Elle rappelle que les relations tuniso‑italiennes reposent sur des liens historiques profonds, une proximité géographique et des affinités culturelles en Méditerranée. Elles ont connu récemment un essor qualitatif, avec une diversification tangible des échanges dans des secteurs clés : économie, investissement, commerce, énergie, culture, enseignement supérieur et recherche. Cette dynamique a hissé la coopération bilatérale à un niveau d’exception, fondé sur le dialogue, le respect mutuel et des projets à forte valeur ajoutée.

Elle souligne lors de son allocution que la Tunisie complète actuellement l’élaboration de son plan quinquennal 2026‑2030, fruit d’une démarche ascendante et participative, de la localité jusqu’au niveau national. Ce plan vise à instaurer un modèle de développement équitable et résilient, appuyé sur un cadre institutionnel rénové et des priorités nationales claires. L’État s’emploie à améliorer le climat des affaires : modernisation du cadre législatif et institutionnel de l’investissement, simplification et digitalisation des procédures, amélioration des services publics, accès facilité aux fonciers d’investissement, formation professionnelle adaptée, et modernisation des infrastructures portuaires, douanières et logistiques.

Elle ajoute lors de son allocution que la coopération tuniso‑italienne se traduit déjà par des avancées concrètes. L’Italie demeure un investisseur majeur en Tunisie, notamment dans le secteur énergétique, et se classe au troisième rang des partenaires pour les IDE, avec plus de 1 072 entreprises à participation italienne et un stock d’investissement estimé à environ 3,7 milliards de dinars. Les échanges commerciaux ont atteint près de 20,5 milliards de dinars en 2025, poursuivant une croissance  +8% sur les quatre premiers mois de 2026 par rapport à la même période de 2025. Le tourisme illustre aussi ce partenariat : plus de 160 000 visiteurs italiens ont séjourné en Tunisie en 2025.

Au‑delà des chiffres, des projets structurants témoignent de l’ambition commune : le projet de ligne électrique ELMED, mené par la Société tunisienne de l’électricité et du gaz et TERNA, constitue la première interconnexion directe entre l’Afrique du Nord et l’Europe, renforçant la sécurité énergétique et favorisant le déploiement des énergies renouvelables. Le projet TANIT, intégré au plan Mattei pour l’Afrique, illustre par ailleurs une coopération dans les secteurs de l’agriculture et de l’eau, fondée sur le partage d’expertise et le développement durable.

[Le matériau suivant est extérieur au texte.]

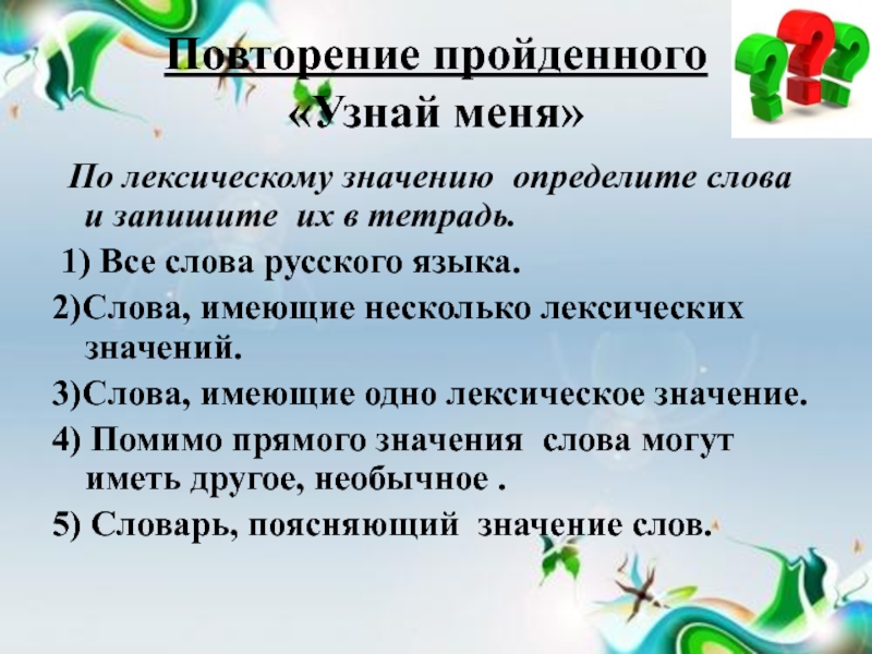 4) Помимо прямого значения слова могут иметь другое, необычное .
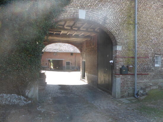 4-flügige Hofanlage in Backsteinmauerwerk Satteldächer, Herrenhaus 2 1/2-geschossig mit Krüppelwalm dach, 7 Achsen, seitl. zweiachsige Flügel - 1755 Schlussstein Toreinfahrt, 1788 Mauerwerksanker
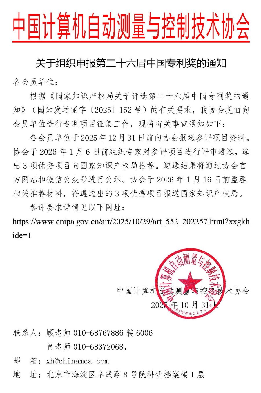 核心提示:根据《国家知识产权局关于评选第二十六届中国专利奖的通知》(国知发运函字〔2025〕152号)的有关要求,我协会现面向会员单位进行专利项目征集工作。
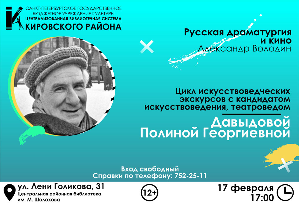 17 февраля 2023 года в 17.00 в Центральной районной библиотеке им. М. А. Шолохова ЦБС Кировского района Санкт-Петербурга в рамках цикла "Русская драматургия и кино" состоится творческая встреча с кандидатом искусствоведения, театроведом, директором Международного Суворовского патриотического фестиваля искусств Давыдовой Полиной Георгиевной с лекцией: "Русская драматургия и кинематограф. Александр Володин".
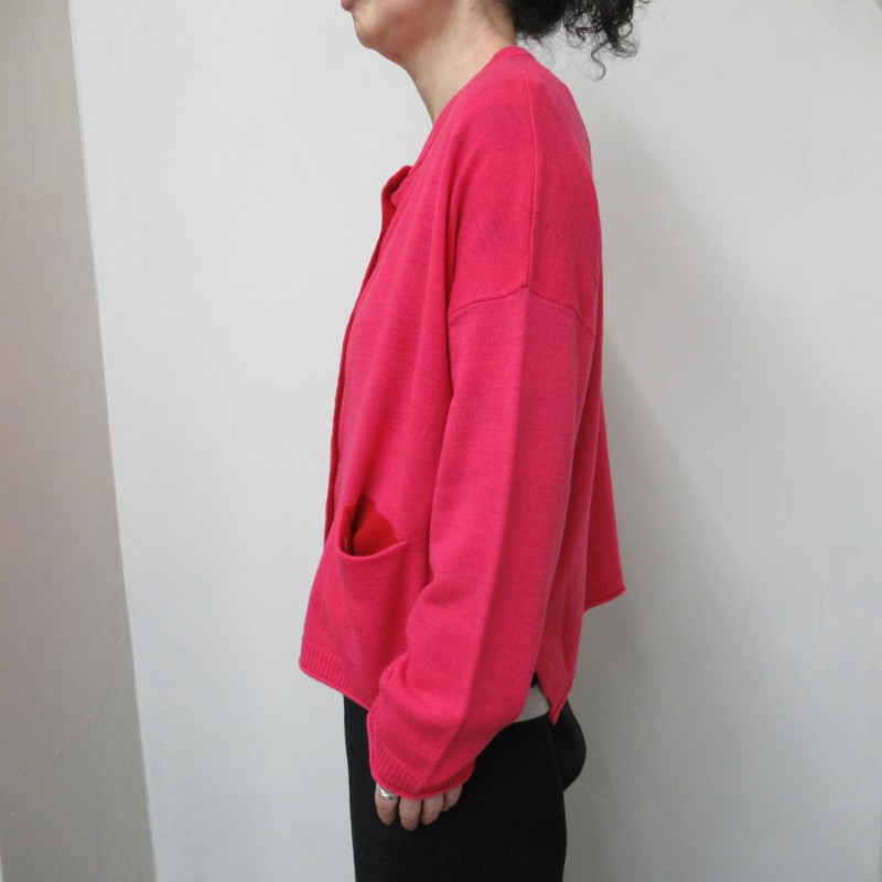mao made 配色ポケット付きワイドカーディガン /PK*RD45
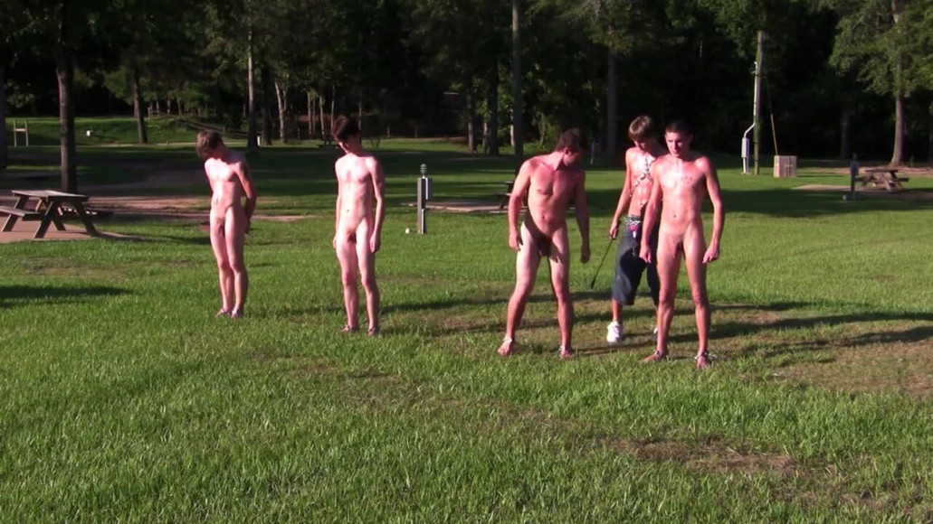 Four hot studs -- DJ, Donnie, Jackson and Troy – are camping in the woods at a cabin site in the middle of nowhere. To their surprise, they wake up butt naked, feet shackled together at the ankles. Master Lee promptly informs them their parents sent them to this particular campground so Lee could teach these four fuck-ups to respect authority. After a brief shower, Master Lee inspects the naked boys in broad daylight, the sun highlighting every muscle, curve and sweaty crevice of their firm young bodies, until he finds just the butt he is looking for. Next Week: Which butt is chosen for a good, hard fuckfest?
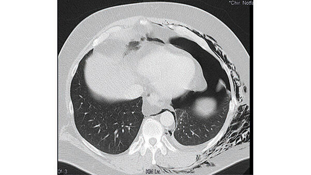 Die daraufhin durch die visceralchirurgische Abteilung durchgeführte Röntgen-Thorax-Aufnahme ergab keinen Frakturbefund im Bereich der Rippen bei ausgedehntem Weichteilemphysem. Bei weiterhin unklarer Diagnose und fehlenden radiologischen Korrelationen wurde auf nachdrückliche Indikation des MKG-Chirurgen eine Computertomografie des Thorax durchgeführt.

Malgré ces avancées, le potentiel de la relation bilatérale reste sous‑exploité. Ce forum doit servir de passerelle pour identifier de nouvelles opportunités d’investissement notamment dans les énergies renouvelables, l’industrie des composants automobiles, les technologies de l’information et de la communication, et l’économie numérique. La stratégie nationale de l’industrie et du renouvellement à l’horizon 2035 vise à moderniser la gouvernance industrielle, promouvoir l’innovation et renforcer les pôles technologiques, facilitant l’intégration des entreprises tunisiennes dans les chaînes de valeur mondiales.
Nos priorités incluent la montée en valeur ajoutée de l’industrie  mécanique, électronique, composants automobiles et aéronautiques, industries pharmaceutiques, agroalimentaires, chimiques, technologies environnementales, économie bleue et services numériques — ainsi que le soutien aux PME par des incitations à la modernisation et à l’intégration régionale.
La Tunisie et l’Italie partagent aussi des enjeux environnementaux communs : gestion des ressources naturelles, sécurité alimentaire, lutte contre l’érosion côtière et la pollution marine, adaptation agricole aux changements climatiques et préservation de la biodiversité méditerranéenne. La coopération bilatérale peut produire des solutions innovantes, depuis la gouvernance de l’eau jusqu’à l’économie bleue et la modernisation des filières agricoles.

Sur le plan régional, elle souligne que la Tunisie affirme son rôle de plateforme économique entre l’Europe et l’Afrique. Notre engagement dans la Zone de libre‑échange continentale africaine (ZLECAF) et notre adhésion à la COMESA témoignent de cette ambition. Des partenariats triangulaires réunissant savoir‑faire italien, compétences tunisiennes et opportunités africaines peuvent ouvrir des marchés importants dans les infrastructures, l’agriculture, l’eau, l’énergie, la santé, la formation et la numérisation.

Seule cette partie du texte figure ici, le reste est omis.